Sing Aotearoa 2016

  • SING interns at Puketeraki marae

    SING interns at Puketeraki marae

  • SING interns doing DNA extraction exercise with Tanya Flynn.

    SING interns doing DNA extraction exercise with Tanya Flynn.

Summer internsip of indigenous peoples in genomics

The inaugural SING Aotearoa internship programme was led by Te Waka o Tama-rereti, an emerging network of Maori with interests in Genomics, Informatics and Technology.

Co-funded by the BioHeritage Challenge, SING Aotearoa was developed as part of the Vision Mātauranga Capability Fund led by the University of Waikato, University of Auckland, and the University of Otago with support from Nga Pae o te Māramatanga (the Māori Centre of Research Excellence), Genomics Aotearoa, and the Science for Technological Innovation Challenge.

The workshop was hosted at the University of Otago and supported by the Department of Biochemistry, the Department of Statistics, Genetics Otago, NZ Genomics Ltd and the Deputy Vice Chancellors Office.

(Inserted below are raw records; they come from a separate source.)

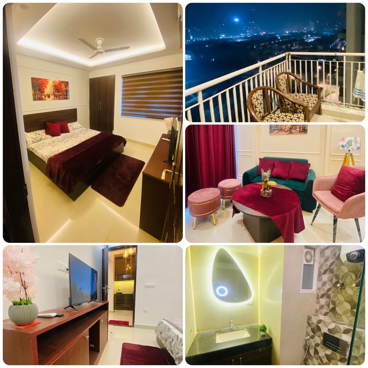 Fully furnished luxurious studio apartment with all modern amenities available in Greater Noida near Metro station. Luxurious , Specious and Couple friendly studio in Greater Noida Near Expo Mart. What You’ll Love: ✔ Unique Interior – Enjoy the Mesmerizing Interior. ✔ Modern Comfort – A beautifully furnished space with a comfy bed, cozy seating, and stylish decor. ✔ Fully Equipped Kitchen – Cook your favorite meals with ease. ✔ Fast WiFi & Smart TV – Stay connected and entertained.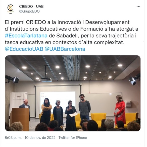 Ens fa il·lusió compartir amb vosaltres la notícia que ahir vam rebre el primer premi CRiEDO a la Innovació i Desenvolupament d’Institucions Educatives i de formació.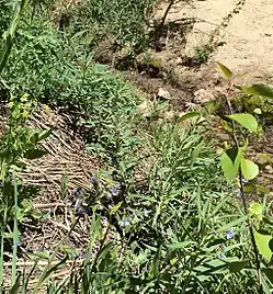 Rivulet near the source of Incline Creek just above Tahoe Rim Trail east of Highway 431 with Jessica's stickseed (Hackelia micrantha) blue flowers.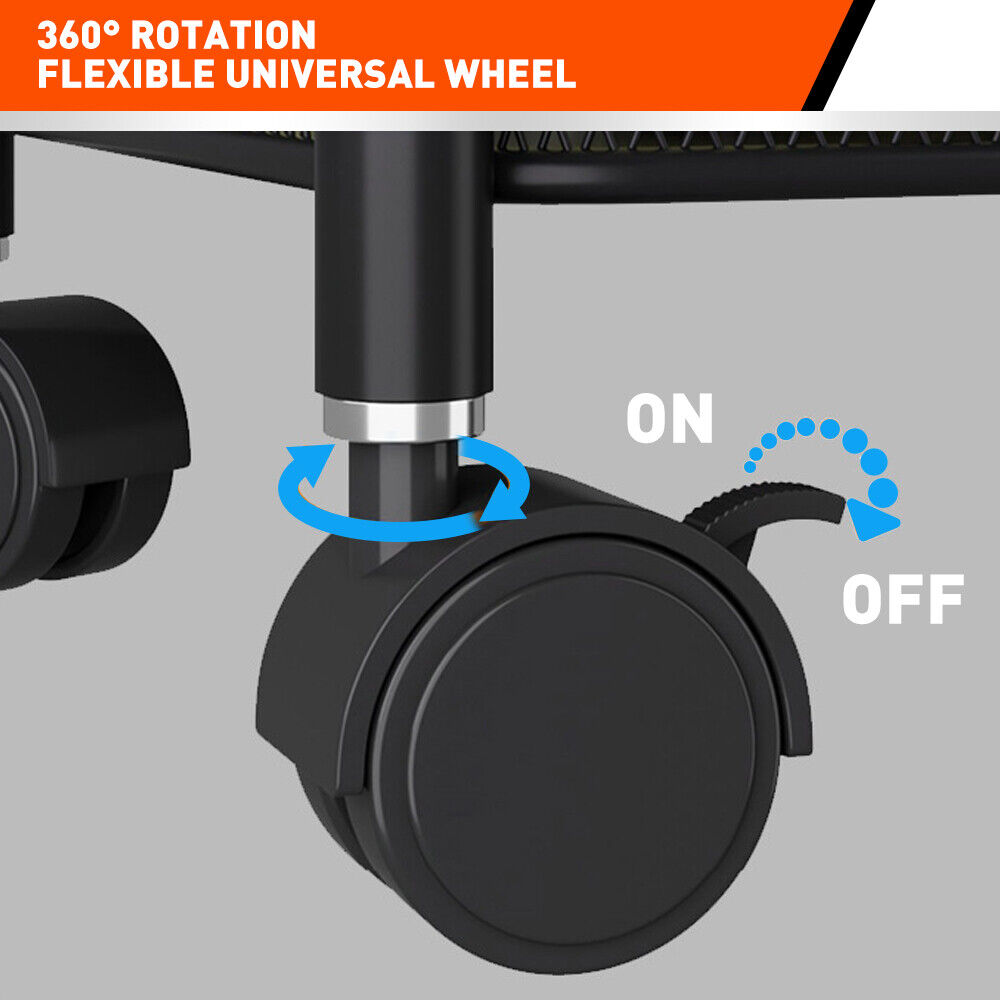 Rotating storage shelf rack are made of iron which is sturdy and not easily; Sprayed with black powder coating, it is rust and waterproof, not peeling off or tarnish easily,even in the bathroom, laundry room and other humid environments you don't have taco worry about it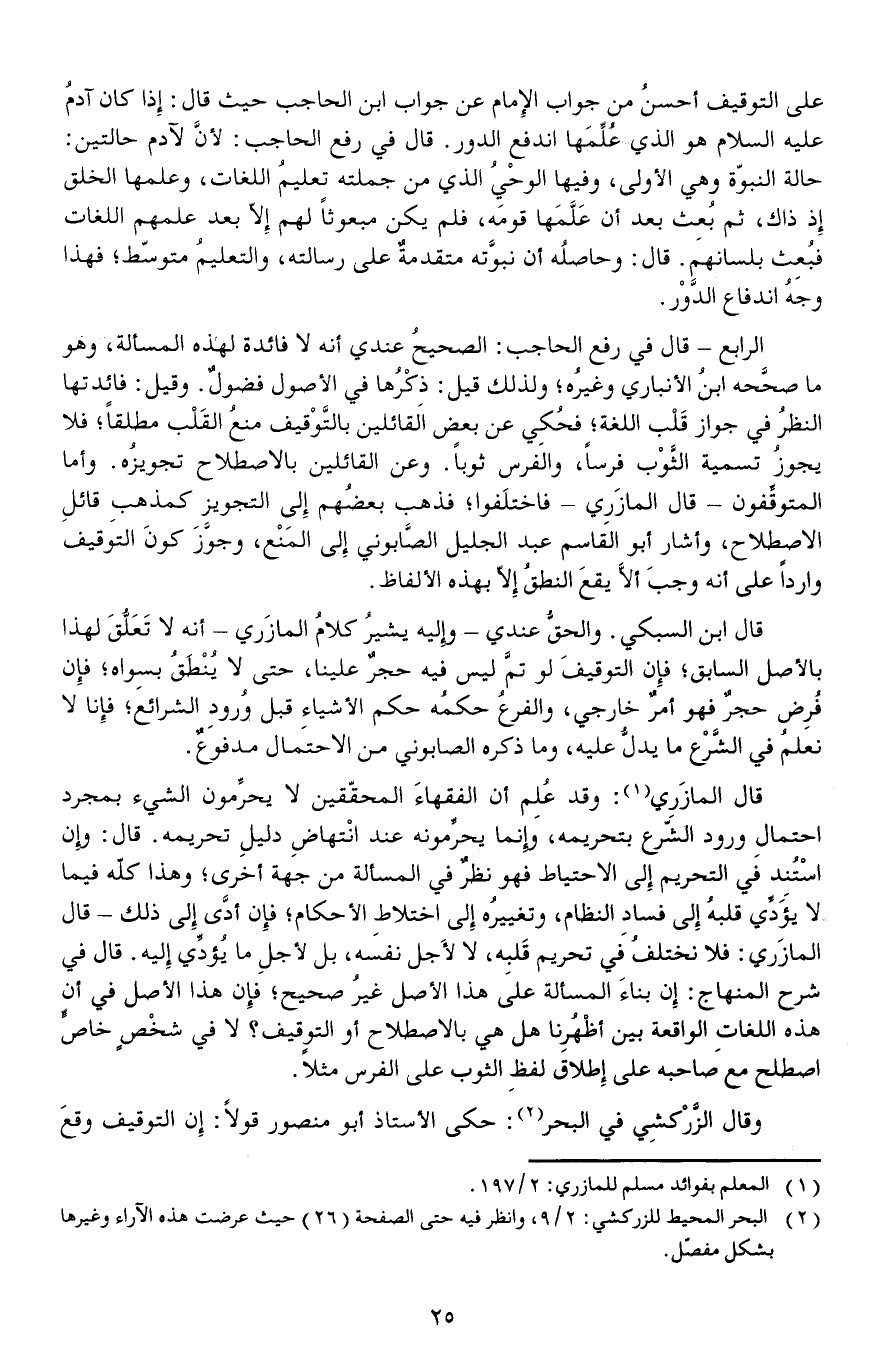 وأما المتوقِّفون - قال المازَرِي - فاختلَفوا فذهب بعضُهم إلى التجويز كمذهبِ قائلِ الاصطلاح وأشار أبو القاسم عبد الجليل الصَّابوني إلى المَنْع وجوَّزَ كونَ التوقيف واردا على أنه وجبَ ألاَّ يقعَ النطقُ إلا بهذه الألفاظ.

Out of town faculty and interns stayed at St Margarets College during the workshop and this provided excellent food and lots of opportunities for informal conversations.

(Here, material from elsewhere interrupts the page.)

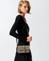 LOVE ONE SLOUCHY BABY − 105353A20DZZLQ00001 Sophisticated slouchy baby bag completely covered in rhinestones that create the iconic monogram pattern with a sparkling and glamorous effect. The studded surface catches the light, giving luminosity and precious character to the accessory, while the compact structure with a front flap and magnetic closure guarantees practicality for daily use. The metallic logo embellishes the front closure, completing the luxury design, combined with a metallic chain and leather shoulder strap for versatility of wear. The applied crystals form an all-over pattern that gives refinement and distinctiveness, transforming the accessory into a true statement piece with a strong visual impact. Perfect for lighting up evening outfits or adding glamour to casual looks, it pairs beautifully with solid-colored garments to enhance the sparkling effect. COMPOSITION Outside Fabric: Silica 100% SILICON DIOXIDE 100% - Internal: CALF LEATHER 100% CALFSKIN LEATHER 100% - Accessory: Zinc 100% MEASUREMENTS - Height: 11 cm - Width: 4 cm - Length: 18 cm

Sixteen interns from across Aotearoa participated in the SING workshop. The interns ranged from high school students and PhD students to community members with backgrounds in science, law, humanities, and medicine.

The aim of the SING Aotearoa programme was to develop the interns understanding of genomics alongside some of the best researchers in New Zealand. We were also fortunate to have two faculty mentors from the SING USA program join us in Aotearoa. Dr Nanibaa Garrison and Dr Jessica Bardill added an international dimension to the program and brought their experience working with American Indian and Alaska Native interns.

In recent years there has been significant advances in the fields of genetics and genomics and an increasing focus on Māori populations and indigenous species.

All research conducted in Aotearoa New Zealand should involve consultation with Iwi Māori so it is important that Māori understand enough about the technical, ethical and cultural issues to engage researchers in robust discussions during that process.

While genetics has been a lightning rod for debate in past years this workshop provided a space to share ideas and thoughts in an informative way.

Ma te mohio ka marama, Ma te marama ka matau, Ma te matau ka ora.
Through awareness comes understanding, through understanding comes knowledge, through knowledge comes wellbeing.